Graves fallas en caso vinculado al Tren de Aragua

Corte de Apelaciones de La Serena.

Tanto el desprolijo actuar de la Fiscalía, como los discutibles criterios de la jueza de garantía de Los Vilos, han llevado a que se ponga en peligro la seguridad de la población y envían una equívoca señal frente al combate contra el crimen organizado.



La decisión de la jueza del Juzgado de Garantía de Los Vilos, que modificó la medida cautelar de prisión preventiva por un pago de fianza a un grupo de imputados que tendrían vínculos con el Tren de Aragua -quienes enfrentan cargos por secuestro y asociación ilícita-, ha motivado justificadas preocupaciones respecto de los criterios con que nuestro sistema judicial enfrenta casos de alta complejidad y donde está en juego la seguridad de la población. En particular, se cuestiona una cadena de decisiones tanto del tribunal como de la Fiscalía que desembocaron en que, sin perjuicio de que la medida fue revocada prontamente por la Corte de Apelaciones de La Serena, hasta la fecha tres de los imputados permanecen inubicables.

No cabe duda de que resulta inexcusable que el abogado asistente de la Fiscalía se haya presentado a la audiencia de revisión de cautelares con una preparación tan deficiente del caso, justificándose en que recién tuvo acceso a la carpeta el mismo día, lo que le valió duros reproches de la jueza. También llamó poderosamente la atención que dicho representante no anunciara una apelación de la medida, lo que habría mantenido momentáneamente en prisión a los imputados. Por estos hechos el Ministerio Público abrió una investigación administrativa y penal -entre otros hechos se busca despejar si el representante de la Fiscalía pudo haber actuado bajo amenazas-, pero es claro que tratándose de un caso que posiblemente se vincula al Tren de Aragua y que reviste alto riesgo para la comunidad, la Fiscalía debió asegurar que su representante manejara cabalmente los antecedentes del caso o tuviera el suficiente expertise jurídico, que claramente no era el caso.

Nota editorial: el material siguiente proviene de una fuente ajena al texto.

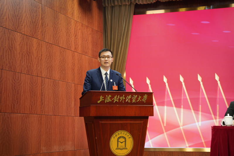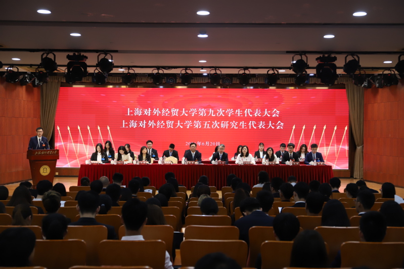 6月20日,上海对外经贸大学第九次学生代表大会、第五次研究生代表大会在松江校区图文信息大楼507报告厅召开,来自全校各学院的88名本科生代表以及38名研究生代表齐聚一堂。校党委书记殷耀,党委副书记、副校长祁明,市学联执行主席荆鸣昊,党委学(研)工部部长、学生处处长许继亮,党委研工部副部长、研究生院副院长乔檀,党委学工部副部长、学生处副处长赵静,各学院党委(党总支)书记、副书记,校院团委老师,以及来自上海兄弟高校学生会的代表,共同出席了本次大会。
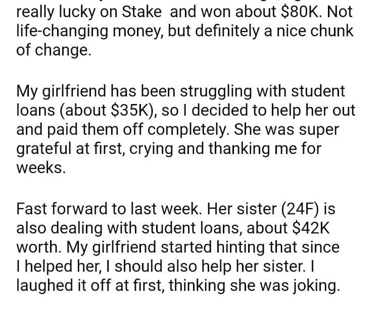 AITAH for my girlfriend sister’s student loans
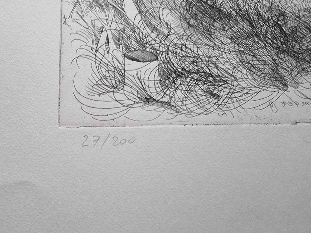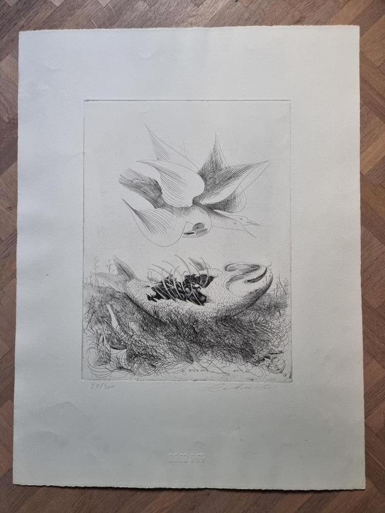 Oeuvre (gravure) de l'artiste autrichien Anton Lehmden, de 1972. Intitulé : Möwe und Fish. Signée et numérotée au crayon par l'artiste (numéro 27 sur 200) Non encadré. Bon état.
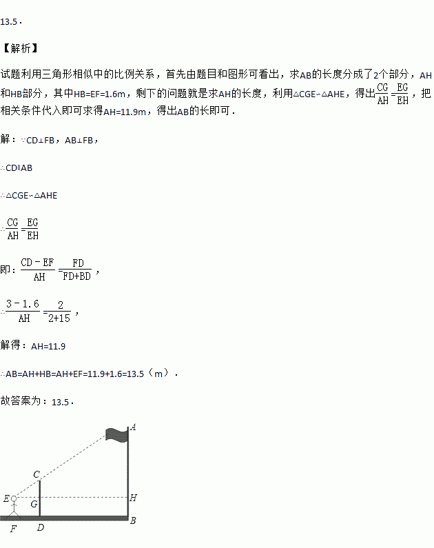 为测量操场上悬挂国旗的旗杆的高度,设计的测量方案如图所示:标杆高度CD=3m,标杆与旗杆的水平距离BD=15 m,人的眼睛与地面的高度EF=1.6m,人与标杆CD的水平距离DF=2m,E、C、A三点共线,则旗杆AB的高度为________ 米.
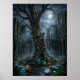 Une cour surréaliste éclairée par la lune est dominée par un arbre ancien colossal, ses racines tordues et son écorce texturée formant une présence presque sculpturale. Derrière lui, les ruines d'une demeure gothique autrefois grandiose se dressent dans une élégante décadence, avec des fenêtres brisées, de la pierre qui s'effrite et des allées envahies par la végétation. La douce lumière de la lune filtre à travers la brume qui dérive, illuminant des champignons lumineux, de la pierre humide et des détails naturels complexes. La scène mélange la nature et l'architecture en une composition mélancolique mais raffinée, pleine de profondeur et d'atmosphère. Cette œuvre d'art est idéale pour les amateurs de fantasy sombre et de paysages mystérieux et intemporels.
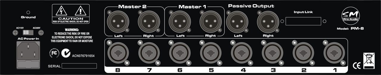 PM8 – многоканальный пассивный микшер/сумматор высокого класса, который выполняет все требования домашних и профессиональных студий. Каждый входной канал характеризуется собственными pan, mute и поворотным регулятором громкости. Восемь профессиональных входных combo разъемов (XLR & " TS) и три сбалансированных XLR стерео выхода находятся на задней панели. 25-pin D-sub разъем также доступен для прямого подключения совместимых систем. Все разъемы входов и выходов надежно закреплены на корпусе устройства, что обеспечивает постоянную надежность и дает уверенность в качественной работе устройства при любых условиях. Микшер PM8 оборудован профессиональным внутренним источником питания, который подходит для работы с напряжением сети переменного тока 110/115В – 220/230/240В. На задней панели с левой стороны имеется переключатель напряжения.
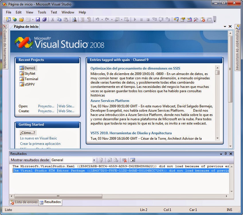 En esta oportunidad, les quiero comentar como resolver un problema, que me ocurrió hace unos días con Microsoft Visual Studio 2008 Profesional.
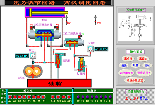 智能型液壓PLC控制實(shí)驗(yàn)臺(tái)具有開發(fā)測(cè)試分析系統(tǒng),通過對(duì)流量、壓力、功率、轉(zhuǎn)速、時(shí)間、溫度--計(jì)算機(jī)人機(jī)畫面
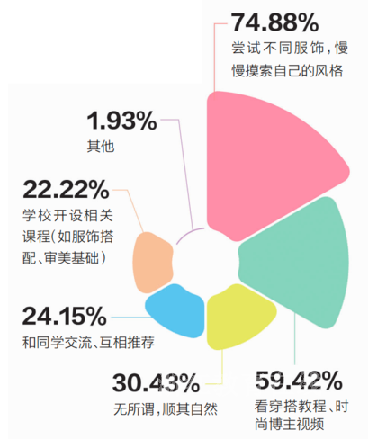 中学生的服饰审美从哪里来?43.06%的同学自主探索,在试错中找到喜欢的风格;17.22%的同学受博主、明星影响,在潮流资讯里捕捉灵感。这种主动探索的姿态,藏着他们对“变美”这件事的认真。
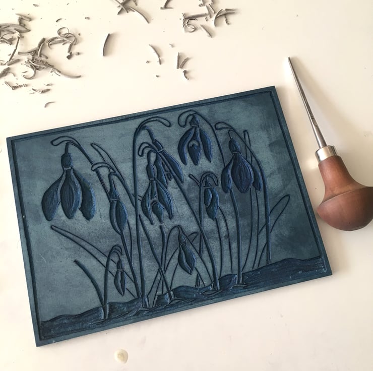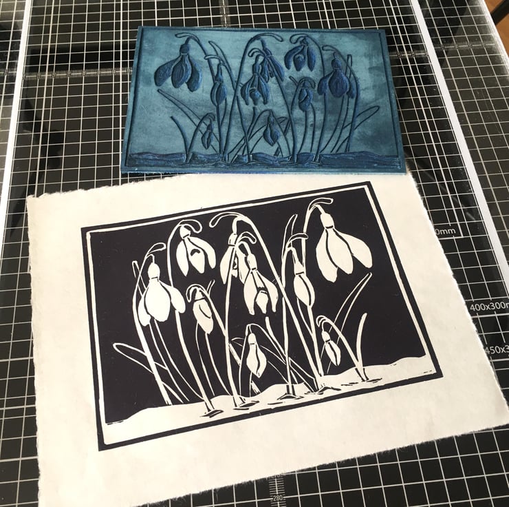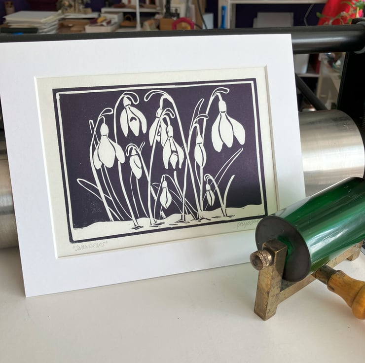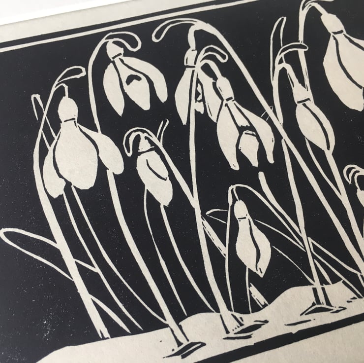 My large "Snowdrops" print is created using the relief printmaking method of linocut printing. As each print is created by hand there may be tiny variations which add to the individual beauty of each original artwork. "Snowdrops" is printed onto Okawara 51gsm printmaking paper from the Awagami factory in Japan.
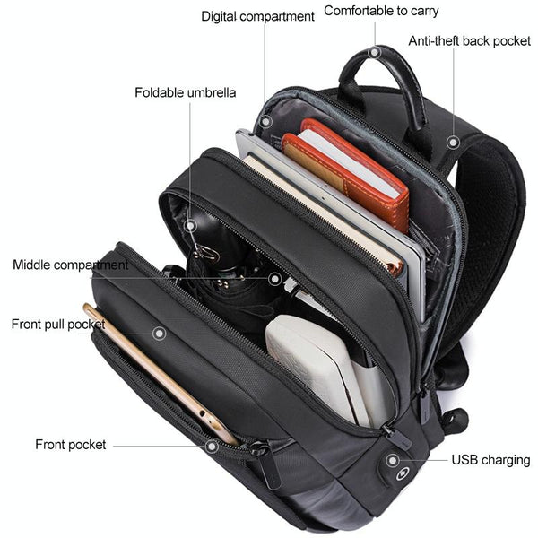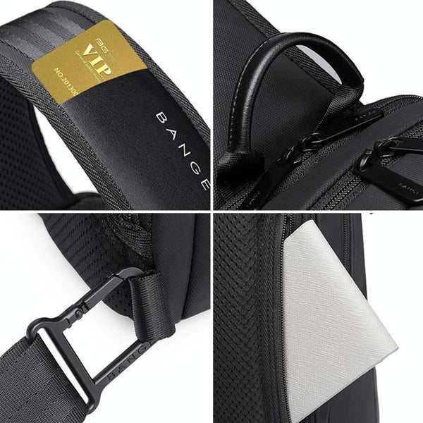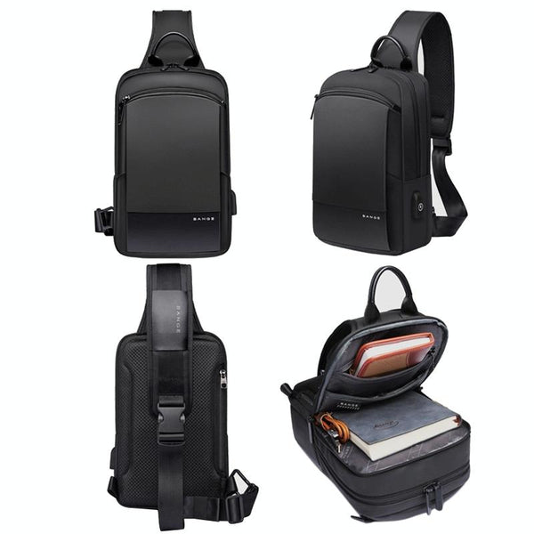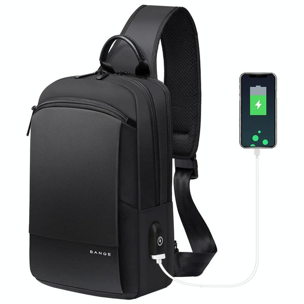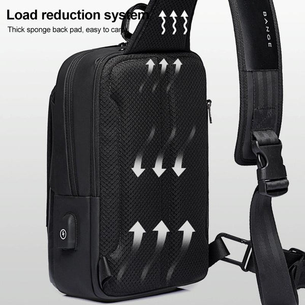 Bange BG-77112 Men Oxford Cloth Waterproof Crossbody Chest Bag with USB Port, Size: 30 x 19 x 13cm (Black)
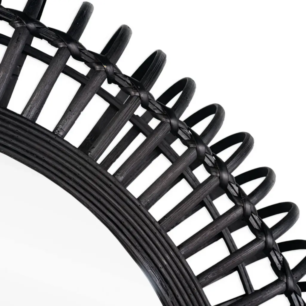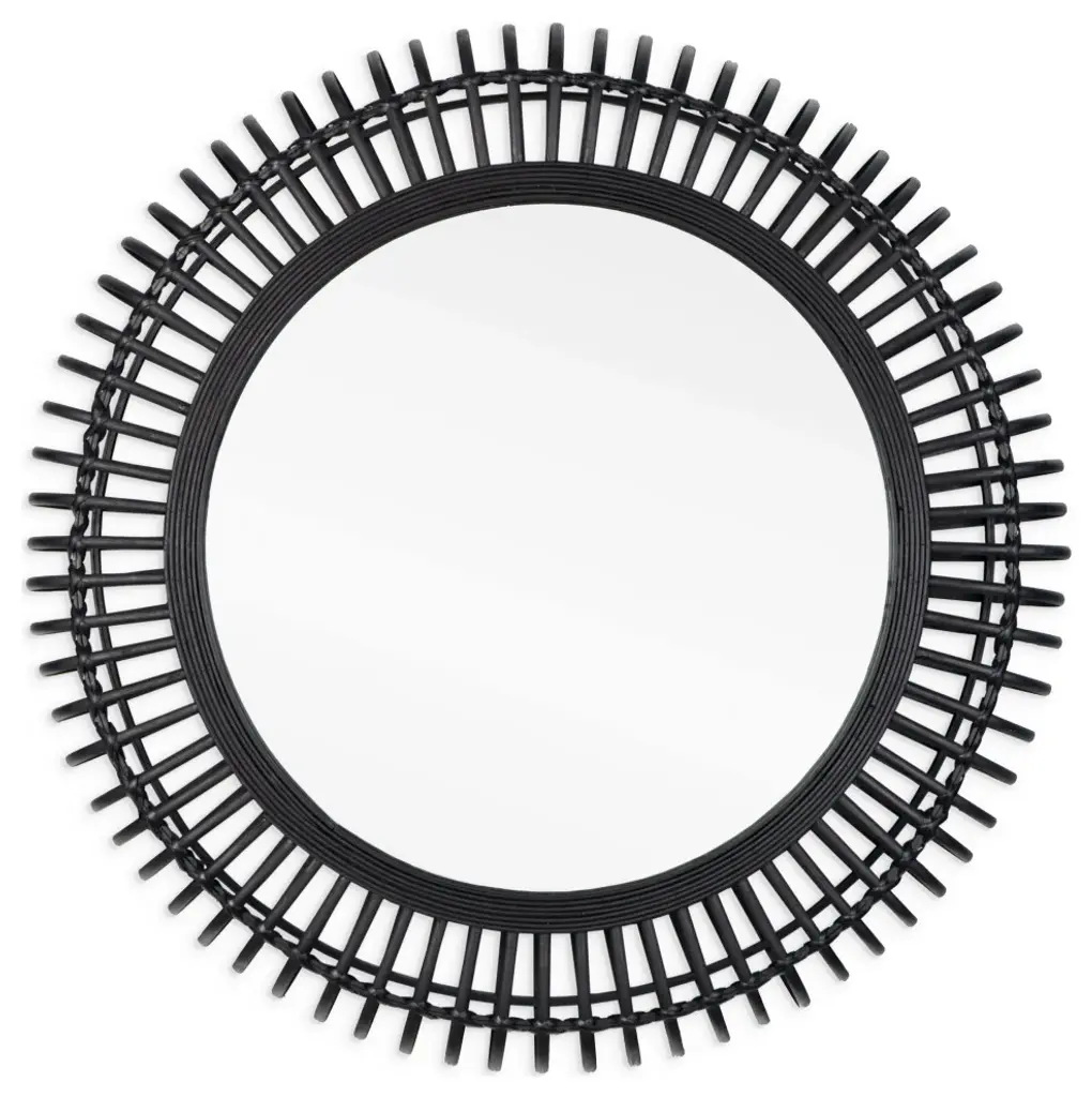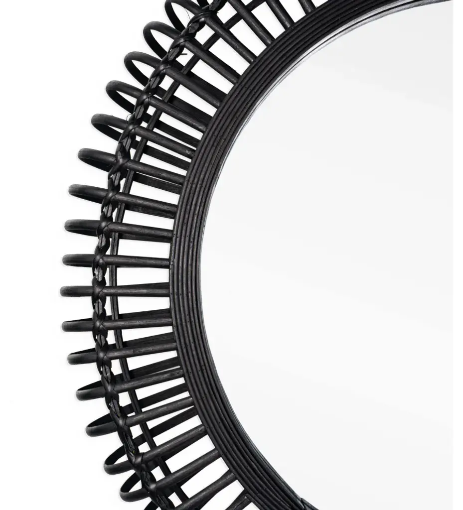 Update your space with this modern take on a traditional bamboo mirror. The woven round bamboo frame is finished in black and complements any decor from contemporary to boho and everything in between. Hang it in the living room, hallway, entryways or above a vanity to make your space appear expanded and brighterProduct Size: 31" x 4" x 31"Mirror Dimensions: 20" x 20"Product Material: Bamboo, GlassProduct Color: BlackReady to hang using pre-attached hooksProduct Style: Modern, Contemporary, Boho

Por su parte, también resulta cuestionable la forma como actuó la jueza de garantía, porque más allá de la falta de preparación del representante de la Fiscalía, también es un hecho que un tribunal debe ser capaz de mirar el conjunto de los antecedentes al momento de ponderar su decisión. A pesar de la impericia que mostró el Ministerio Público, el tribunal estaba en pleno conocimiento de los antecedentes que motivaron que se dictara prisión preventiva respecto de estos individuos, y pese a las fallas del abogado de la Fiscalía, este sí indicó que no había nuevos antecedentes que justificaran el cambio de la medida cautelar. Fue de hecho el argumento que esgrimió por unanimidad la Corte de Apelaciones para revocar la medida -”tanto el Ministerio Público como alguno de los defensores concurrentes a estrado, fueron contestes en señalar que los antecedentes tenidos a la vista al momento de imponer la medida cautelar en su oportunidad no han variado”, señaló la Corte-, por lo que cuando menos hubo un grave error de apreciación por parte del tribunal de garantía.

Si bien esta instancia está justamente para velar por las garantías de las partes, entender el rol de un juez de garantía como un mero buzón o la aplicación mecánica del derecho sin análisis más razonados o fundados de su resolución es un claro error en su proceder, y que en este caso ha puesto en riesgo la seguridad de la población.

Este caso debe motivar una profunda revisión de lo sucedido, porque cuando ocurren fallas de esta envergadura no solo se profundiza la desconfianza ciudadana hacia la administración de justicia y su eficacia, sino además se envía una señal muy equívoca respecto a la seriedad con que cada una de las instancias de nuestro sistema judicial aborda el flagelo del crimen organizado.